→ **WHAT TO PRODUCE**
A precise reproduction of every record below is needed, minus the pictures.

→ **MATERIALS PROVIDED**
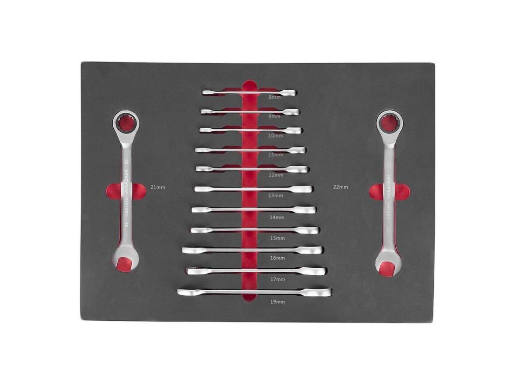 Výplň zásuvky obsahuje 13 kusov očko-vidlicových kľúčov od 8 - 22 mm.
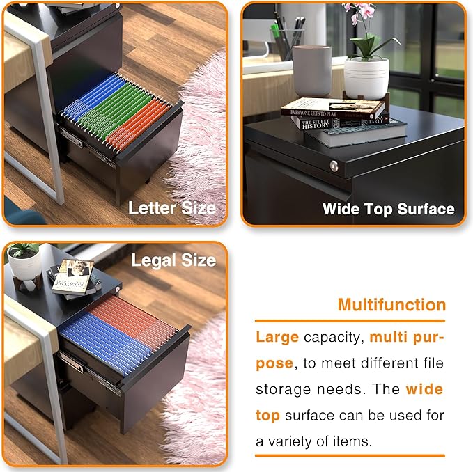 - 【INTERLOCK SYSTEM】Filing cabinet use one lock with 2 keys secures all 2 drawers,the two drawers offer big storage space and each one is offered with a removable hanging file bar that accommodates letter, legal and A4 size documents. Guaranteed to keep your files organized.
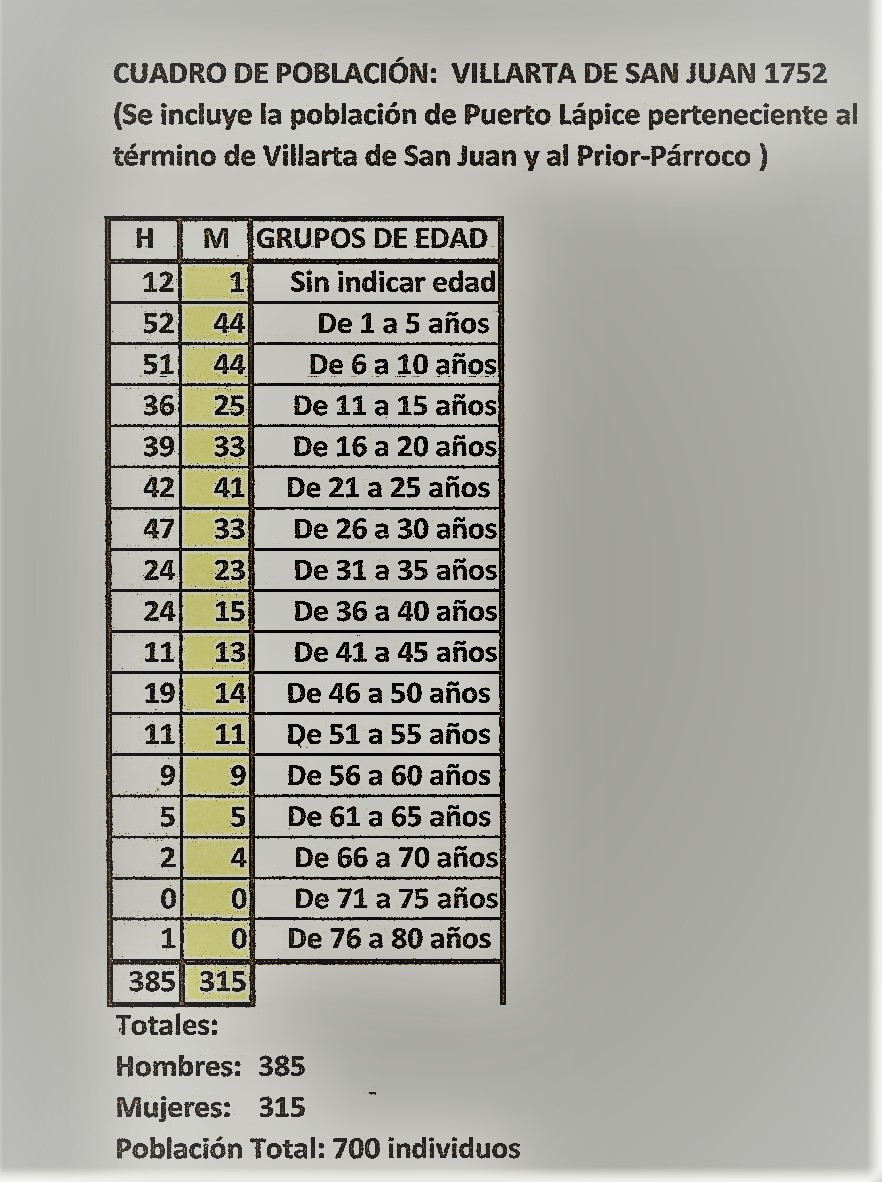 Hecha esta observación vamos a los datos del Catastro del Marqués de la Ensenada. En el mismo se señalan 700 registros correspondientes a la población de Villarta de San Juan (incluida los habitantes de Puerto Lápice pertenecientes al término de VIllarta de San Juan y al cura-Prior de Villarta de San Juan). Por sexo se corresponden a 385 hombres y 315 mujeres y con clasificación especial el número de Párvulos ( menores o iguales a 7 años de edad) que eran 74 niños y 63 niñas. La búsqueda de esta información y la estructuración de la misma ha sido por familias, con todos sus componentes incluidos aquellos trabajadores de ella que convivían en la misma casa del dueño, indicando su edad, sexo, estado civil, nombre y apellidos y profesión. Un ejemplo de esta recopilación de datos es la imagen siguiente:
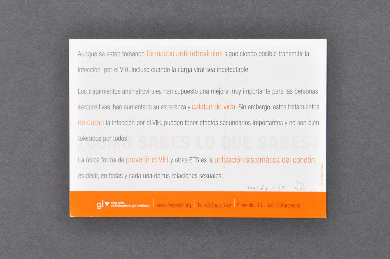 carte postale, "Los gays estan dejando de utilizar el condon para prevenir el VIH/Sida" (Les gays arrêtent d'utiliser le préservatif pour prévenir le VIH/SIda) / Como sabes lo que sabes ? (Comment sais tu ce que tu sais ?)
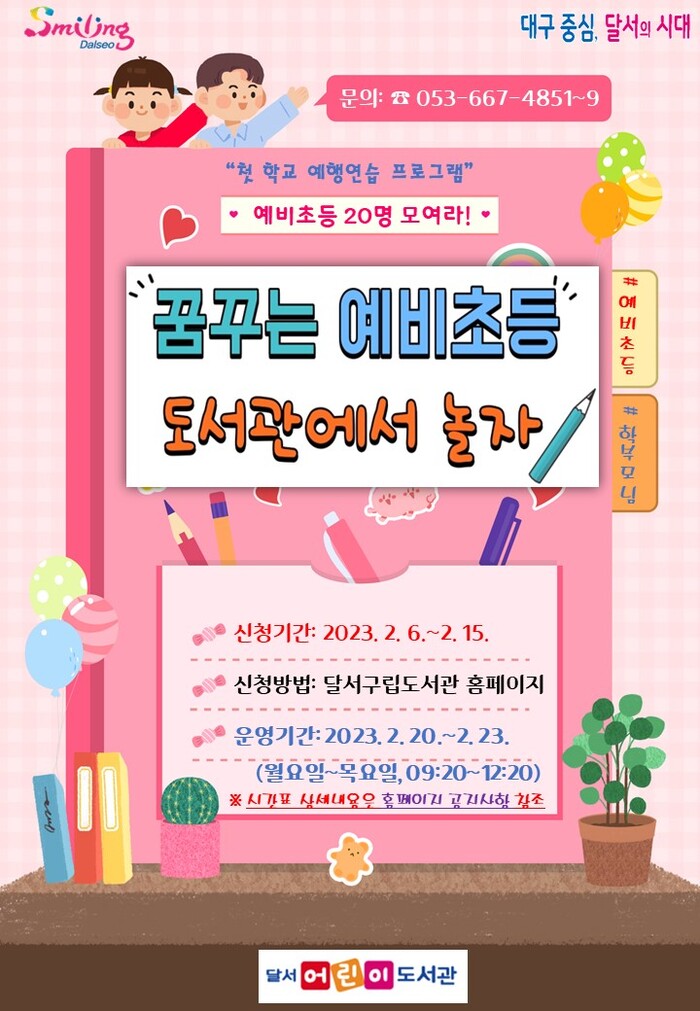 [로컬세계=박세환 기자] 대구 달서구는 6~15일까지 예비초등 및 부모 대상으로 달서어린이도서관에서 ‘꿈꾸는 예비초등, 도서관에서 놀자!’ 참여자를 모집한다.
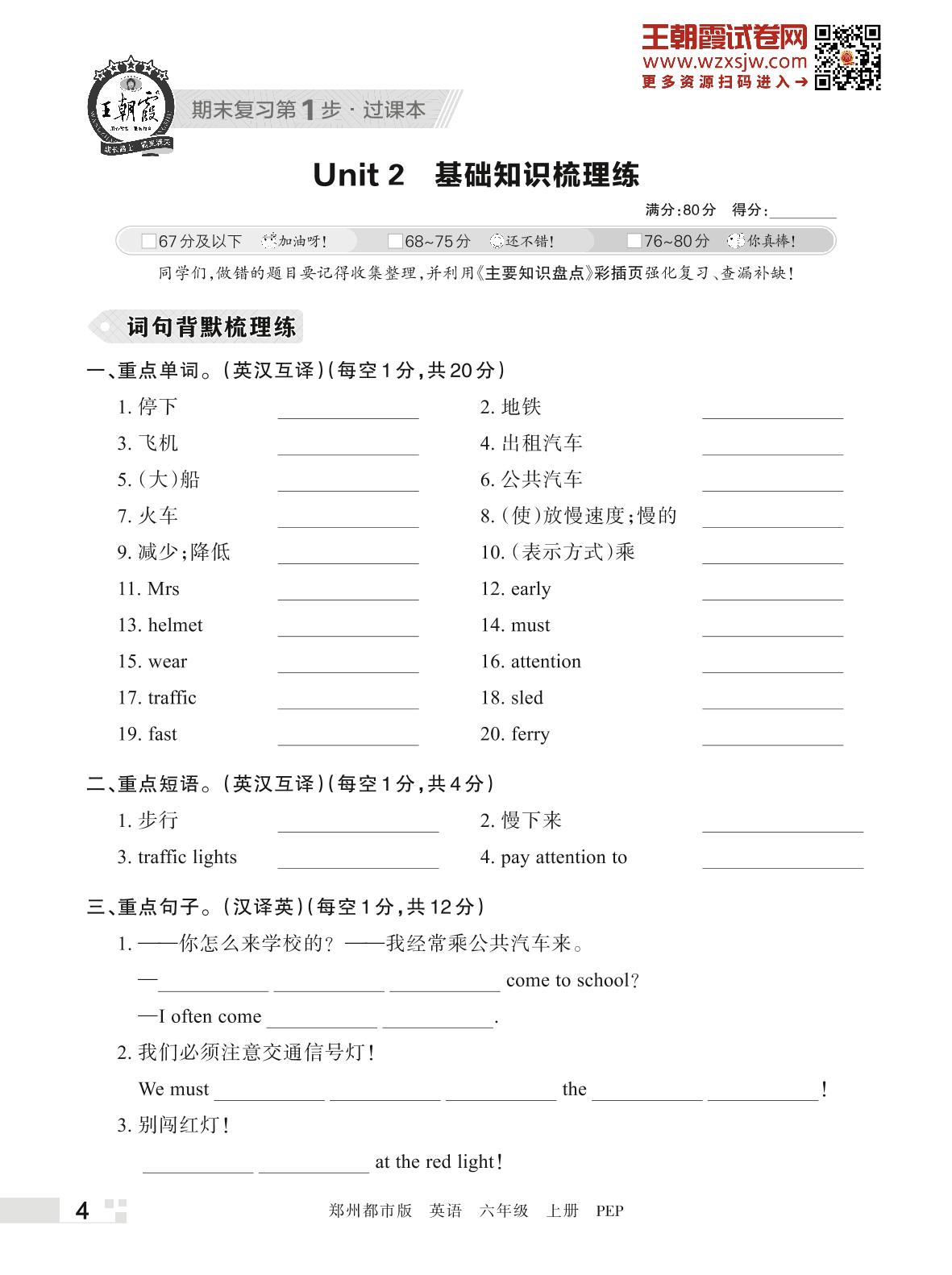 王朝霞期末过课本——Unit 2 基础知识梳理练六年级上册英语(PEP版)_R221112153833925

→ **EXERCISE RESPONSE**
 Výplň zásuvky obsahuje 13 kusov očko-vidlicových kľúčov od 8 - 22 mm.
 - 【INTERLOCK SYSTEM】Filing cabinet use one lock with 2 keys secures all 2 drawers,the two drawers offer big storage space and each one is offered with a removable hanging file bar that accommodates letter, legal and A4 size documents. Guaranteed to keep your files organized.
 Hecha esta observación vamos a los datos del Catastro del Marqués de la Ensenada. En el mismo se señalan 700 registros correspondientes a la población de Villarta de San Juan (incluida los habitantes de Puerto Lápice pertenecientes al término de VIllarta de San Juan y al cura-Prior de Villarta de San Juan). Por sexo se corresponden a 385 hombres y 315 mujeres y con clasificación especial el número de Párvulos ( menores o iguales a 7 años de edad) que eran 74 niños y 63 niñas. La búsqueda de esta información y la estructuración de la misma ha sido por familias, con todos sus componentes incluidos aquellos trabajadores de ella que convivían en la misma casa del dueño, indicando su edad, sexo, estado civil, nombre y apellidos y profesión. Un ejemplo de esta recopilación de datos es la imagen siguiente:
 carte postale, "Los gays estan dejando de utilizar el condon para prevenir el VIH/Sida" (Les gays arrêtent d'utiliser le préservatif pour prévenir le VIH/SIda) / Como sabes lo que sabes ? (Comment sais tu ce que tu sais ?)
 [로컬세계=박세환 기자] 대구 달서구는 6~15일까지 예비초등 및 부모 대상으로 달서어린이도서관에서 ‘꿈꾸는 예비초등, 도서관에서 놀자!’ 참여자를 모집한다.
 王朝霞期末过课本——Unit 2 基础知识梳理练六年级上册英语(PEP版)_R221112153833925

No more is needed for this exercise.